Они едят на кухне, за старым сосновым столом, мягкая древесина столешницы которого покрыта выбоинами и отметинами от посуды. Мальчик не припоминает, чтобы когда-либо в присутствии Айвена за столом зашел разговор, заслуживающий такого названия. Разговор Айвена с Айлиш сводится к быстрым, отрывочным фразам. Айвен говорит, а Айлиш бросает взгляд в его сторону и ограничивается кратким ответом. Если не обходится без такового. Порой Айвен велит Айлиш или кому-то из детей что-нибудь сделать. Бывает, что Айлиш спрашивает Конни или Кэтрин, что они делали в тот день в школе. Мальчика она не спрашивает никогда.
Временами Айвен смотрит на мальчика и улыбается, только вот происходит такое настолько редко, что трудно сказать, умеет ли он улыбаться и улыбка ли это на самом деле. Рот его при этом кривится, открывая пару торчащих зубов, а глаза суживаются. Лицо остается в таком положении несколько мгновений, а потом возвращается к прежнему – губы выворачиваются, как резиновые, морщины вокруг глаз разглаживаются.
Потом он говорит:
– Молодец, парень, – и смотрит в окно.
У детей общая спальня. У Конни, как у старшей, есть собственная кровать. Мальчик и Кэтрин вдвоем спят на другой. Ночи тоскливы и беспокойны. Кэтрин без конца ворочается, еще он часто слышит, как за соседней дверью ворчит Айвен. Но прислушивается не к его бормотанию, а к звукам, доносящимся снаружи. Огромное морское чудовище, шлепая по камням мокрыми лапами, карабкается по утесам, чтобы сбросить их в море.
Когда дети укладываются спать, Айлиш и Айвен напиваются, а потом дерутся.
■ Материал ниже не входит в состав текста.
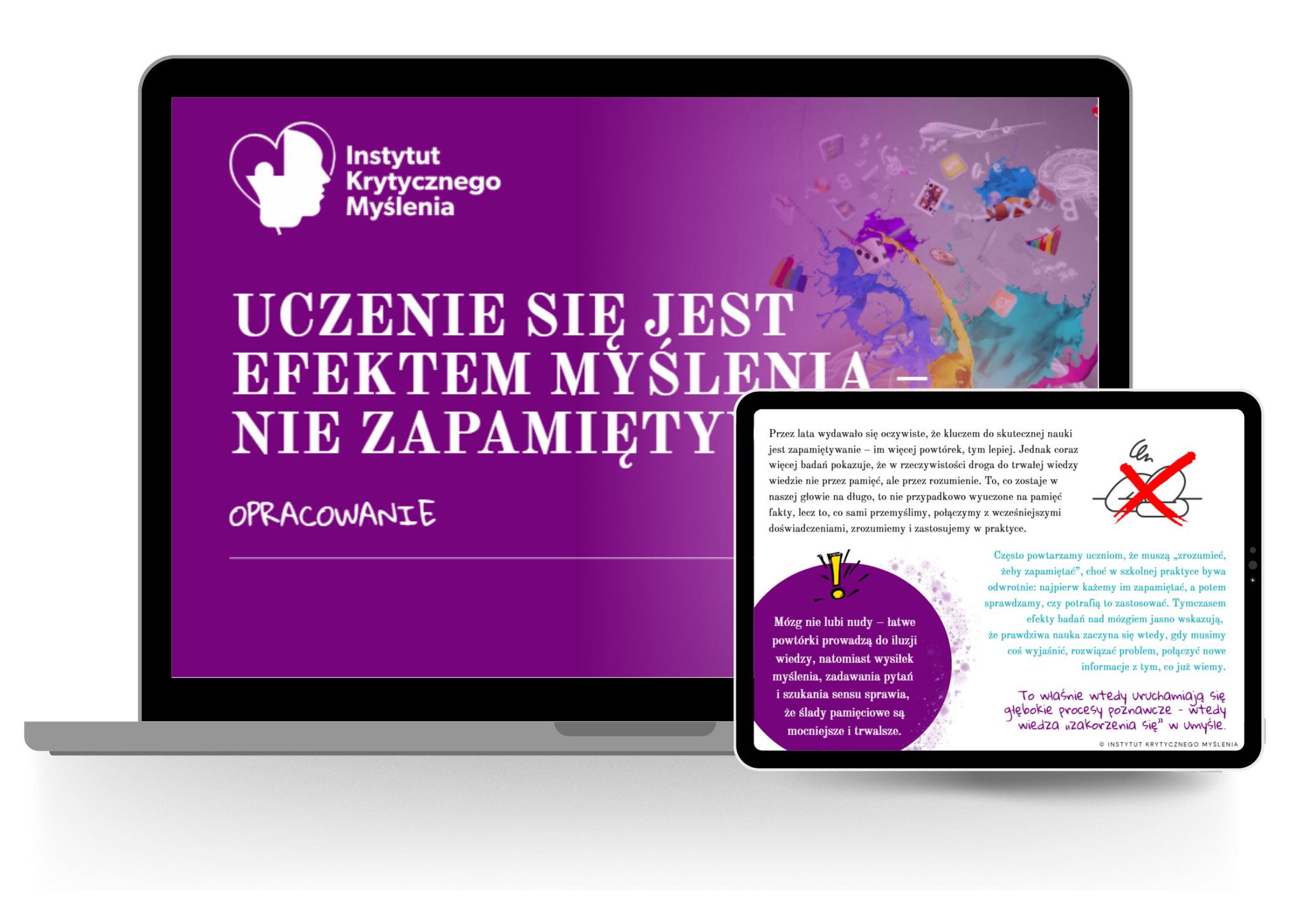 Odwiedź uczenieprzezmyslenie.pl — to merytoryczne wprowadzenie do zmiany paradygmatu w edukacji, oparte na badaniach i praktyce szkolnej. Znajdziesz tam wyjaśnienie, dlaczego tradycyjne uczenie nie działa i jak w jego miejsce wprowadzać kulturę myślenia, która angażuje uczniów, rozwija krytyczne myślenie i buduje trwałe rozumienie.

Ему вспоминаются фразы, которыми они обмениваются, даже те, которые в ту пору не имели для него никакого смысла. Он запоминал их, как будто знал, что однажды сложит воедино и все поймет. Обрывки слов, как всплески цвета на составных элементах головоломки, каждый из которых, когда паззл удастся сложить, может оказаться чем угодно – коньком крыши или ухом куклы.
Слова его матери.
'Быстро кончил. Если и было что-то хорошее, так это'.
'Конечно, я его на дух не переношу. Ведь он похож на тебя'.
'Не дури. Неужели ты думаешь, кто-то станет трахать меня после такого козла, как ты?'
Слова его отца.
'Уж не воображаешь ли ты, что я стал бы трахать тебя на трезвую голову'.